27 Aug How to Buy and Run a Franchise
With most startups not going as planned or gaining enough momentum, buying an already working franchise can be a very practical solution.
Especially considering how loans for startups are quite difficult to obtain, but buying an existing franchise is much easier.
The return-on-investment is also much quicker than new startups, which is another reason people prefer buying franchises over making them.
1. Picking The Right Franchise:
When you decide on buying a franchise, it is important to do thorough research on the types of franchises available and your own preferences.
You also need to ascertain whether the franchises you have narrowed down to are actually legit or just scams because such occurrences aren’t that uncommon.
If you are having trouble finalizing your pick, you can always ask a few franchisors to share their experiences to help guide your choice.
2. Securing The Financial Requirements:
Since buying a franchise will obviously cost you money, you need to decide how you’re going to arrange it.
Even if you don’t have enough savings, banks are mostly happy to give you a loan for this reason.
Different franchises have different costs, so you need to take that into account as well.

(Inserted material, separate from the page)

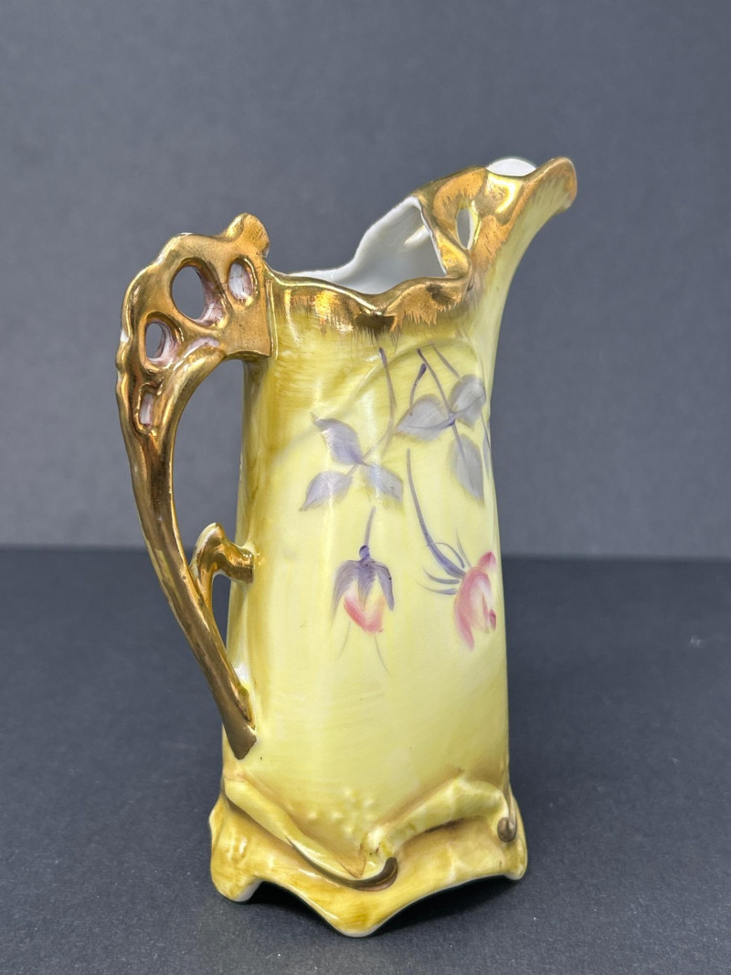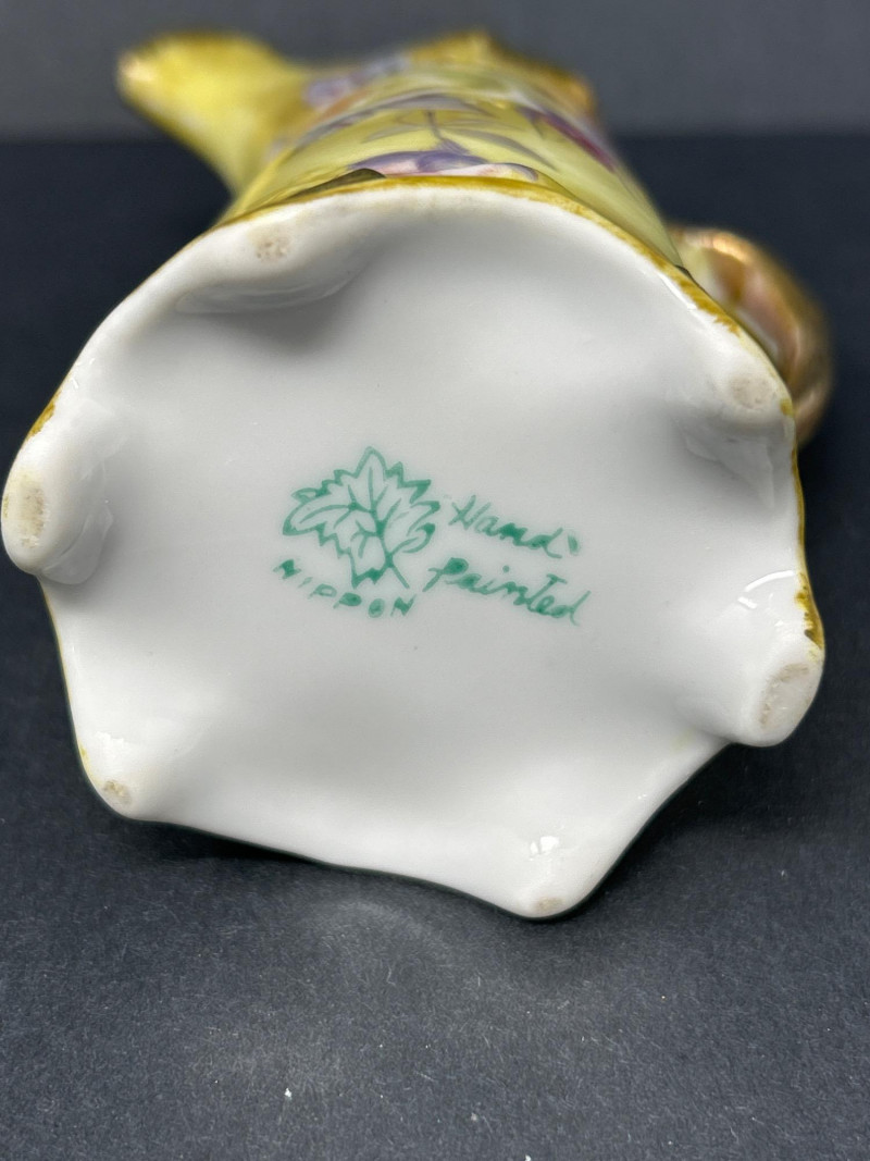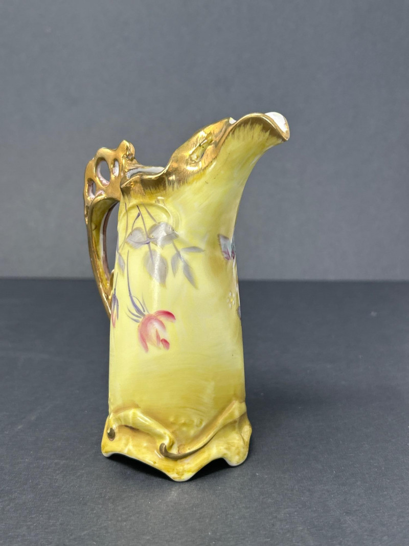 A graceful Nippon porcelain creamer, hand-painted with soft yellow and violet florals accented by delicate gold trim. This early 20th-century piece reflects the refined artistry associated with Japanese export ware marked “Nippon,” popular from the 1890s to the 1920s. Design: Delicate floral motif with gold embellishments; gently scalloped rim and footed base

Because once you get the loan, you have to give it back regardless of whether or not your business succeeds.
3. Acquiring Process:
Once you have decided on the franchise and arranged for the money, you will most likely go through the following steps before acquiring the franchise:
● Reviewing the disclosure agreement.
Before signing the contract, the franchisor will most likely give you some detailed documents to help you familiarize yourself with the business, its input, and output.
● Applying for the buying process.
Once you’ve gone over the details of the business, you will formally make an offer to them.
If the offer is accepted, you most likely have an interview with them so they can assess your compatibility with the business and capability to buy it.
● Signing the contract.
If you clear the filtering process and sign the contract, the franchise will be transferred to your name.
However, before signing the agreement, make sure to have a qualified attorney go over it so that you don’t have any trouble in the long run due to any shady clauses.
Before handing over the reins to you, the franchisor will most likely hold a training period for you to get familiarized with the requirements of running the business.
Boosting The Business:
Now that you have obtained the business, you will need to work on its publicity and mechanics.
First and foremost, devise a marketing strategy that would work best for your business type.
Start the hiring process as your budget allows so that you can start delegating necessary tasks and focus on ways to improve the business.
In essence, buying and running an existing franchise may be time-consuming and require a lot of money, but it will definitely be easier than starting from nowhere as a startup.